Second, the study introduces and operationalizes the paired indicators of persistence and continuity of persistence, revealing stable high-risk clusters that would have been obscured in aggregate statistics. Mapping these clusters pinpoints where screening, early-diagnosis programs, and oncology resources should be intensified. The analysis also uncovers sex-specific disparities: malignant tumors are still more common in boys, whereas benign or uncertain neoplasms have risen faster in girls—underlining the need for sexdisaggregated monitoring and researchThird, our results underscore the strategic value of integrating spatial modelling into national cancer-control plans. Persistent hotspots should be overlaid with environmental (e.g., pollution), demographic, and genomic layers to build multidimensional risk profiles and predictive tools. Close collaboration with governmental bodies, hospital networks, and non-governmental organizations—such as Little People, Dăruiește Aripi, Renașterea, and Magicamp—will be essential for maintaining up-to-date registries and translating spatial intelligence into equitable, child-centered health policy. Fractal and complexity measure could help in understanding the relation of spatial distribution of persistence and continuity of persistence for female, male and total population. In general, FAIR (Findable, Accessible, Interoperable and Reusable) principles should address the need to ensure that treatments are accessible to all patient populations, that trial designs are ethically sound, and that the benefits of cancer research are shared equitably across different groups [42].

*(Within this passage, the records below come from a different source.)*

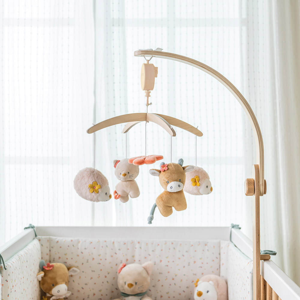 Az imádnivaló zenélõ-forgó, aranyos bújós figuráival – amelyek finoman forognak és mozognak az altatódal ritmusára – nyugodt alvást és édes álmokat biztosít. A zenélõ-forgó egyszerûen és biztonságosan rögzíthetõ a kiságyhoz, bölcsõhöz vagy a járókához, a figurák pedig könnyen eltávolíthatók és mosógépben moshatók.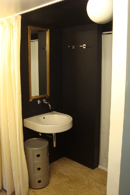 De circulatieruimte gaat over in het leefgedeelte. Deze circulatiezone wordt geaccentueerd door het volume waarin diverse functies zitten uit te werken met donkere fineerplaten. Hierdoor is dit donker volume sterk aanwezig in de ruimte.
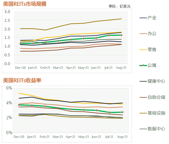 從2013年至今美國各類資產(chǎn)資本化率走勢來看,單看美國REITs市場規(guī)模和收益率走勢,除了IDC、物流資產(chǎn)之外,投資人對長租公寓的投資一直處于上升趨勢。
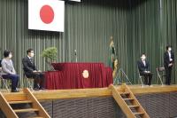 前期生徒会役員任命式を行いました。生徒を代表して生徒会副会長の喜多さんが任命証を受け取り、生徒会長の大野さんが全校の前で意気込みを語りました。体育祭や宝高祭など、前期は生徒会役員7名を中心に学校行事を運営していきます。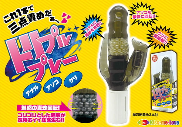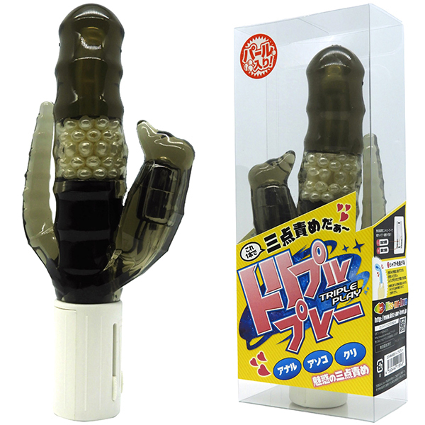 普段お使いのバイブではアソコとクリしか刺激できないでしょう?ですがこちらの「トリプルプレー」ならそんなお悩みもラクラク解消!「アナル」「アソコ」「クリ」がこれ1本で楽しめる魅惑の三点責めバイブ♪ボディは豪快なスイングと内蔵パールの回転でゴリゴリとした快感を生みだし、小バイブがクリに超振動を与えつつ小ぶりなしっぽがアナルを絶妙に刺激してくれます。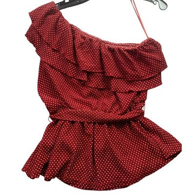 Keywords: Maeve, Anthropologie, Blouse, Top, Red, Polka Dot, One Shoulder, Ruffle, Tie Waist, Medium, Womens, Party, Date Night, Bohemian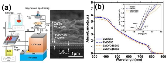 Based on the ZMO and ZMO/CdS window layer, we deposit CdTe QDs by the blade coating method to form optoelectronic heterojunctions. Then, we complete the solar devices with the structure of Glass/ITO/ZMO/CdTe(QDs)/Au and Glass/ITO/ZMO/CdS/CdTe(QDs)/Au. The entire fabrication process and device configuration of solar cell are shown in Figure 3a with a cross-sectional SEM image of the actual multilayer with the structure Glass/ITO/ZMO/CdS/CdTe(QDs). The thickness of each layer is marked in the image. As is well known, the annealing process is crucial to improving the CdTe device performance [23], especially for solution-processed CdTe QDs solar cells, which was confirmed by Qin et al. [9]. Thus, both multilayers with two different structures were deposited and CdCl2 annealed at low (250 °C) and high (350 °C) temperature to study the effect of the annealing process on the performance of the corresponding devices. Figure 3b shows the absorbance spectra of these four multilayers. ZMO250 and ZMO350 represent the multilayers with the same structure of Glass/ITO/ZMO/CdTe(QDs) but different annealing temperature (250 °C and 350 °C). Meanwhile, ZMO/CdS250 and ZMO/CdS350 represent the multilayers with the same structure of Glass/ITO/ZMO/CdS/CdTe(QDs) but different annealing temperature. The absorbance (A) is calculated with transmittance (T), using the formula: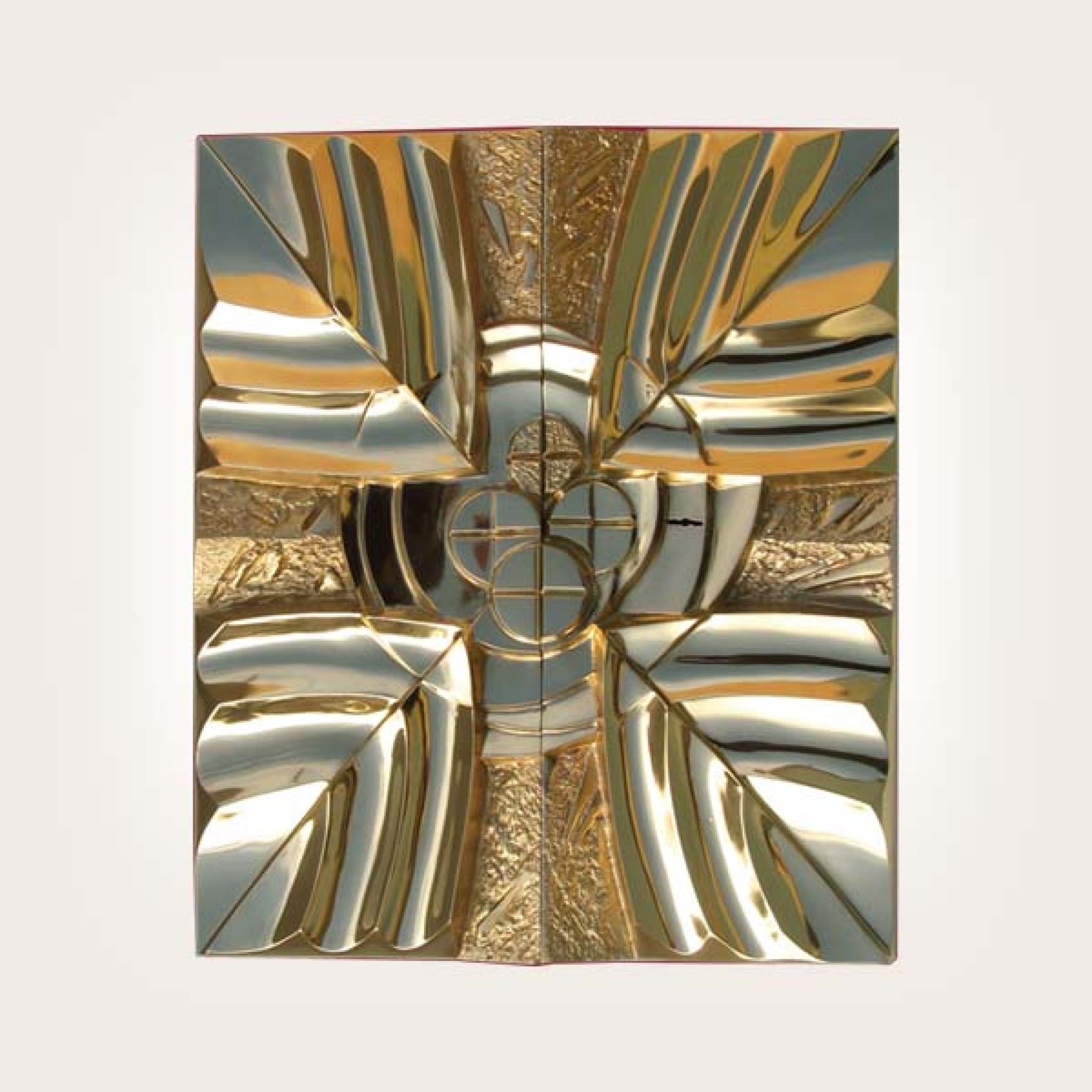 Tabernacle en laiton doré et verni, traité anti-feu. L'intérieur est en laiton doré poli et verni. Fixation sur demande prévu pour pose murale ou poser sur un support.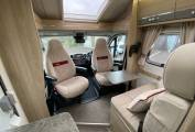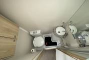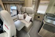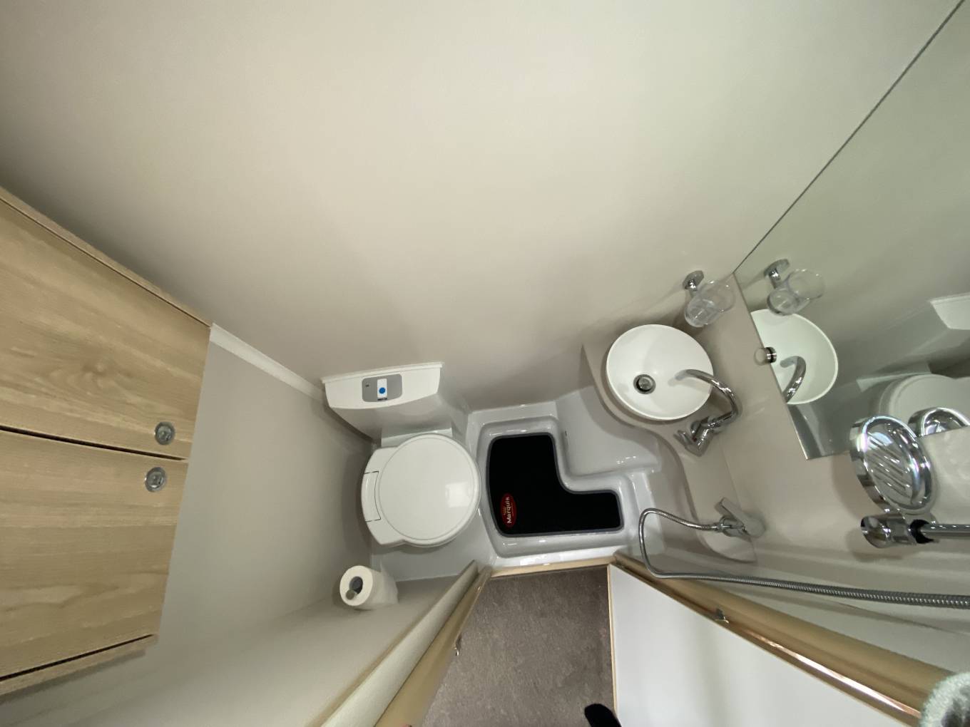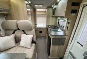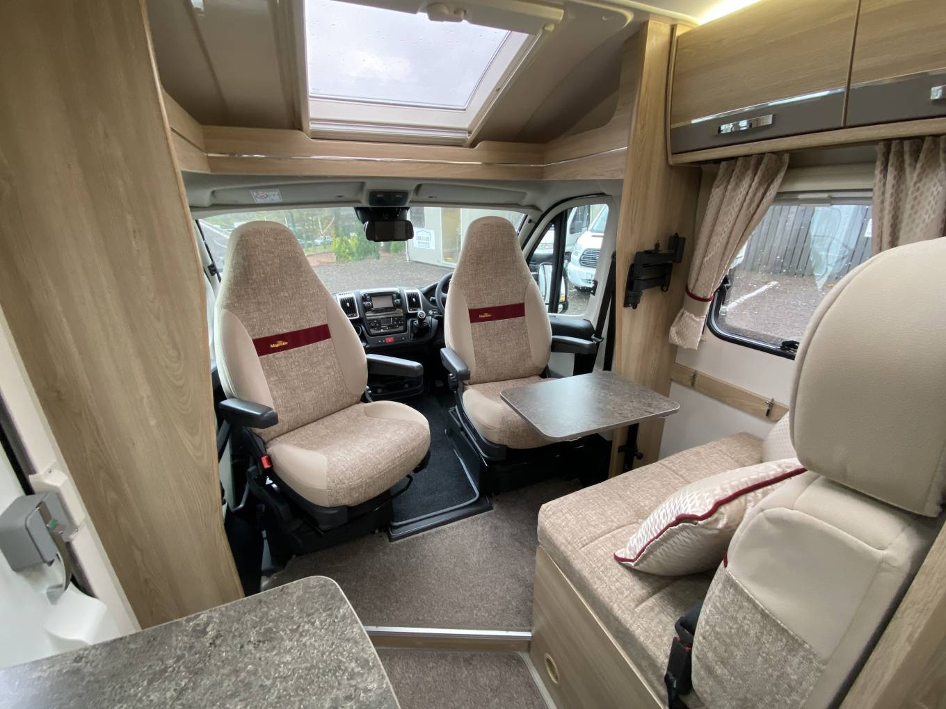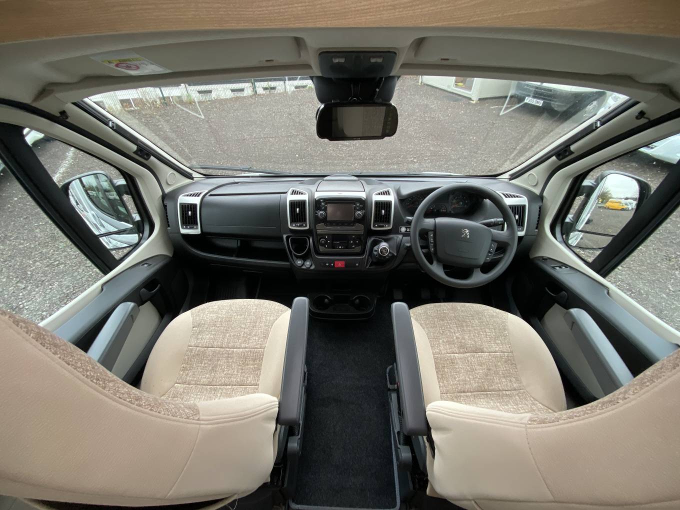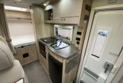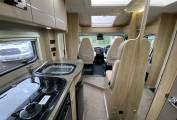 The layout is from behind the front cab there is a front facing 2 seater sofa fitted with 2 seat belts plus a small table. Both front seats swivel and when the driver seat is turned it can be used in conjunction with the sofa to make a single bed. The mid-kitchen has a dual-fuel hob with an electric hotplate and 3 gas burners, an oven and grill and a Daewoo microwave. The Dometic fridge freezer runs off electric, gas and the leisure battery. There is a roof mounted fan to allow for cooking smells to escape or alternatively to circulate air in the vehicle. Opposite the kitchen is the washroom and here you have a shower, a modern wash basin with a mixer tap a Thetford cassette toilet, a large mirror and a bathroom cabinet for your toiletries. The rear bedroom has a fixed transverse bed with a foam mattress and there are numerous bedroom storage lockers and the large skylight opens to allow a summer breeze in and underneath you have a spacious garage for extra storage.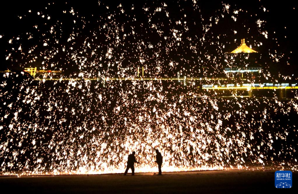 2月21日,在敦煌市党河风情线,民间艺人进行打铁花民俗表演。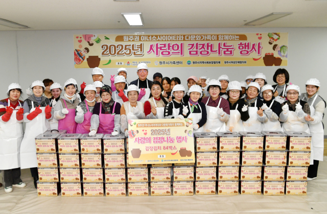 이날 원강수 원주시장과 원주권 아너소사이어티, 다문화가족, 원주시가족센터, 원주시여성단체협의회 등의 자원봉사자들이 직접 참여해 이웃사랑을 실천했다. 만들어진 김치 840㎏은 원주시가족센터를 통해 다문화가족 84가정에 전달된다.

In summary, while Romania has made progress in reducing the overall burden of pediatric cancer, geographically persistent pockets of elevated risk remain.
Author Contributions
Conceptualization, I.D.N.; methodology, H.F.J., I.A., I.D.N. and H.A.; software, I.A., I.D.N. and H.A.; validation, H.F.J. and M.R.; formal analysis, A.K.G. and I.L.; investigation, D.P., H.A. and I.L.; resources, I.D.N.; data curation, I.D.N.; writing—original draft preparation, I.D.N. and D.P.; visualization, I.D.N.; supervision, M.R. and I.D.N.; project administration, D.P. and A.K.G.; writing—review and editing, I.D.N., I.L. and I.A. All authors have read and agreed to the published version of the manuscript.
Funding
This research received support from multiple funding sources. It was backed by a grant from the Romanian Ministry of Education and Research, CNCS—UEFISCDI, under project number PN-III-P4-ID-PCE-2020-1076, within the framework of PNCDI III. Additionally, it was supported by a grant from the Ministry of Research, Innovation and Digitization, CNCS/CCCDI-UEFISCDI, project number PN-III-P2-2.1-SOL-2021-0084, also within PNCDI III. Furthermore, two grants from the University of Bucharest, Romania, were awarded, with project numbers 10680 UB and 10681 UB.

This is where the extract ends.